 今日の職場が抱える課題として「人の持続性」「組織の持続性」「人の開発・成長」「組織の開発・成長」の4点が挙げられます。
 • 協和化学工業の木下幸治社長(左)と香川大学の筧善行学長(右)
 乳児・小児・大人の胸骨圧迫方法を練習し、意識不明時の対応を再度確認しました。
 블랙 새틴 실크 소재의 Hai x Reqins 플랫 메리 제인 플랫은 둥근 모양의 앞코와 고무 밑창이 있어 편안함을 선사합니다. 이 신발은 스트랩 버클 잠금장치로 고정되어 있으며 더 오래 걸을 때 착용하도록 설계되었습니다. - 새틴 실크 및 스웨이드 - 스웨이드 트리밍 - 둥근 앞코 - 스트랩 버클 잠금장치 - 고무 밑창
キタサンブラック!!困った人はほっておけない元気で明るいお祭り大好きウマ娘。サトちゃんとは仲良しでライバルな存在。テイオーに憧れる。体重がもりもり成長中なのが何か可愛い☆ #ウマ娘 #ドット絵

==

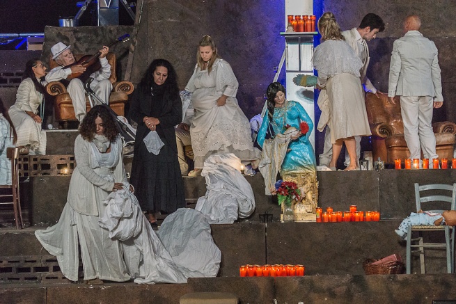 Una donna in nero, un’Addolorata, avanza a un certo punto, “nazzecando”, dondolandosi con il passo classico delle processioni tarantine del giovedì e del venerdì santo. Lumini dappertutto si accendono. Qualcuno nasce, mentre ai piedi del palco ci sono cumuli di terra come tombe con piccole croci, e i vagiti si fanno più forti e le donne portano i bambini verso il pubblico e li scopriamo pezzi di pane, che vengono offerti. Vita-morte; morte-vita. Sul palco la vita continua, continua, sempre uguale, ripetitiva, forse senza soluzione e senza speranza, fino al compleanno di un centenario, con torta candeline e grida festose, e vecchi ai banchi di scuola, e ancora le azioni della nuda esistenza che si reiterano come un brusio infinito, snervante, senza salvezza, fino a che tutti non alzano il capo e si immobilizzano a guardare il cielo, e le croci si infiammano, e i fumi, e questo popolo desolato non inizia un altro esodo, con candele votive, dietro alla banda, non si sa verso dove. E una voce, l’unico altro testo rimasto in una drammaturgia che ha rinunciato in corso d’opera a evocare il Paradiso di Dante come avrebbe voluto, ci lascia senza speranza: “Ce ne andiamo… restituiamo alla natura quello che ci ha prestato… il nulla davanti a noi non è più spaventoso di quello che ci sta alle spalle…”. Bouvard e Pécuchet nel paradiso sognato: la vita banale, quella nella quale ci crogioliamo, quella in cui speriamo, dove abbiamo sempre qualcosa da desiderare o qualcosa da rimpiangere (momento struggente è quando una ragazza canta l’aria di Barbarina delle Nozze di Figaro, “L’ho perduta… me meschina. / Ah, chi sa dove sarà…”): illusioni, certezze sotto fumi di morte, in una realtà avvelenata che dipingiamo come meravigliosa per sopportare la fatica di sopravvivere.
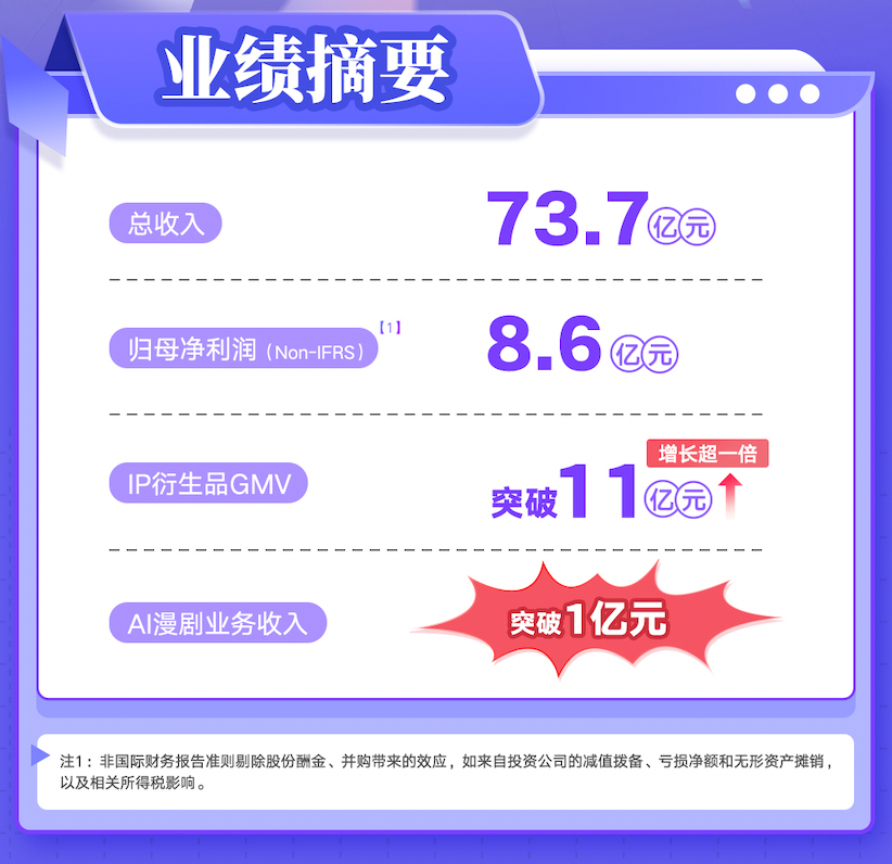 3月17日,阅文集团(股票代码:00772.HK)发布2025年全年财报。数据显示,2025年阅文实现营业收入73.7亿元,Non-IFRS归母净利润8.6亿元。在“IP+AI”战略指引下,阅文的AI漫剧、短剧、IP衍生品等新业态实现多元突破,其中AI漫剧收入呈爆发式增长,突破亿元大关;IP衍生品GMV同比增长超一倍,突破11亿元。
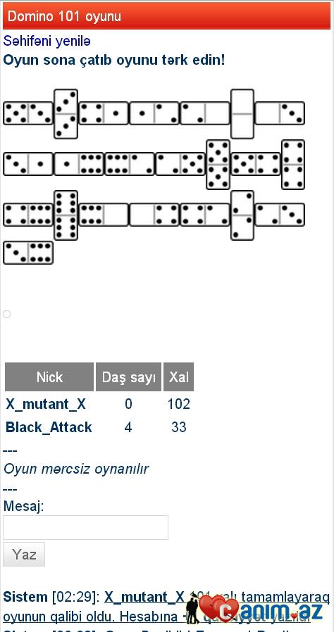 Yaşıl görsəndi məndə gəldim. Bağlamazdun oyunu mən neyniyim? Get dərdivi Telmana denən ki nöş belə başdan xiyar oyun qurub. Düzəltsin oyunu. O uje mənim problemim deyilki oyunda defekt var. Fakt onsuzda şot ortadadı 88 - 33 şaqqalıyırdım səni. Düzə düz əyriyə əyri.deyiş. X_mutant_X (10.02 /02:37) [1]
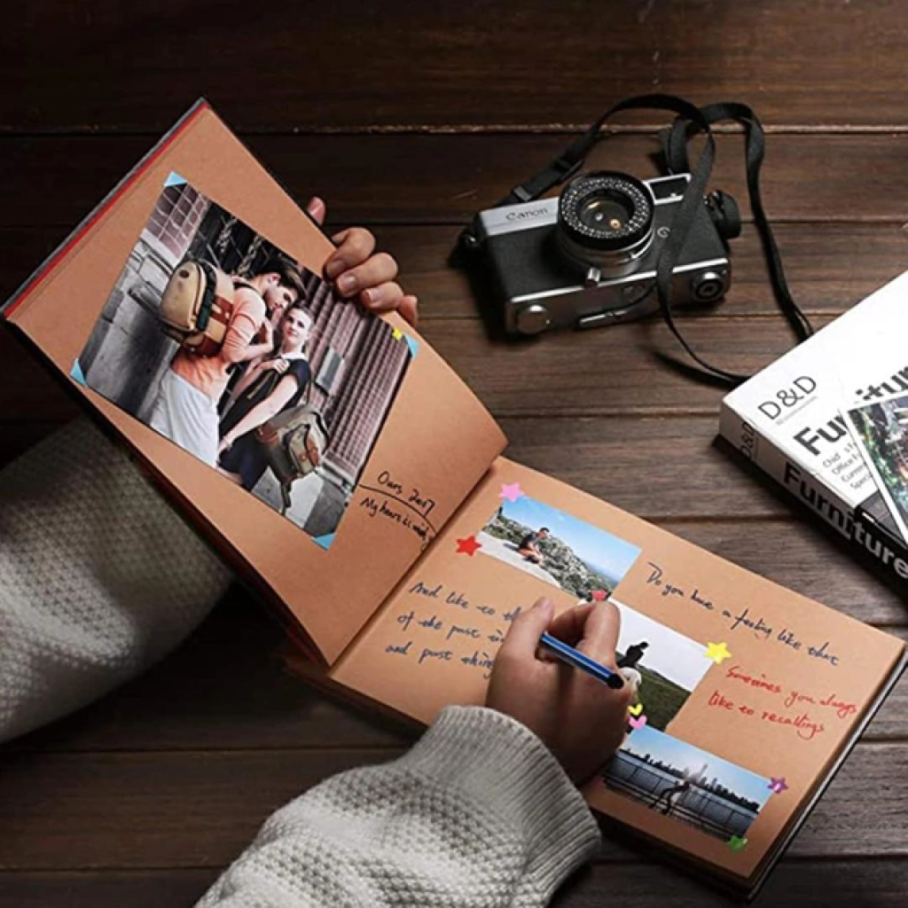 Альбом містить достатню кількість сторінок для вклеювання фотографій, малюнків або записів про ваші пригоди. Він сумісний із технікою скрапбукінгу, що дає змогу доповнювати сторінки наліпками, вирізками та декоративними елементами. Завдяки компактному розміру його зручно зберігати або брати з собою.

---

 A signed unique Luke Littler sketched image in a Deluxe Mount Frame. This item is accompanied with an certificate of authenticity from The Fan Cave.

● **What is required**: How would the lines above read from the one with "Una donna in" to the one with "3月17日,阅文集团(股票代", inclusive, with no pictures? Write them out exactly.

● **Answer space**:
 Una donna in nero, un’Addolorata, avanza a un certo punto, “nazzecando”, dondolandosi con il passo classico delle processioni tarantine del giovedì e del venerdì santo. Lumini dappertutto si accendono. Qualcuno nasce, mentre ai piedi del palco ci sono cumuli di terra come tombe con piccole croci, e i vagiti si fanno più forti e le donne portano i bambini verso il pubblico e li scopriamo pezzi di pane, che vengono offerti. Vita-morte; morte-vita. Sul palco la vita continua, continua, sempre uguale, ripetitiva, forse senza soluzione e senza speranza, fino al compleanno di un centenario, con torta candeline e grida festose, e vecchi ai banchi di scuola, e ancora le azioni della nuda esistenza che si reiterano come un brusio infinito, snervante, senza salvezza, fino a che tutti non alzano il capo e si immobilizzano a guardare il cielo, e le croci si infiammano, e i fumi, e questo popolo desolato non inizia un altro esodo, con candele votive, dietro alla banda, non si sa verso dove. E una voce, l’unico altro testo rimasto in una drammaturgia che ha rinunciato in corso d’opera a evocare il Paradiso di Dante come avrebbe voluto, ci lascia senza speranza: “Ce ne andiamo… restituiamo alla natura quello che ci ha prestato… il nulla davanti a noi non è più spaventoso di quello che ci sta alle spalle…”. Bouvard e Pécuchet nel paradiso sognato: la vita banale, quella nella quale ci crogioliamo, quella in cui speriamo, dove abbiamo sempre qualcosa da desiderare o qualcosa da rimpiangere (momento struggente è quando una ragazza canta l’aria di Barbarina delle Nozze di Figaro, “L’ho perduta… me meschina. / Ah, chi sa dove sarà…”): illusioni, certezze sotto fumi di morte, in una realtà avvelenata che dipingiamo come meravigliosa per sopportare la fatica di sopravvivere.
 3月17日,阅文集团(股票代码:00772.HK)发布2025年全年财报。数据显示,2025年阅文实现营业收入73.7亿元,Non-IFRS归母净利润8.6亿元。在“IP+AI”战略指引下,阅文的AI漫剧、短剧、IP衍生品等新业态实现多元突破,其中AI漫剧收入呈爆发式增长,突破亿元大关;IP衍生品GMV同比增长超一倍,突破11亿元。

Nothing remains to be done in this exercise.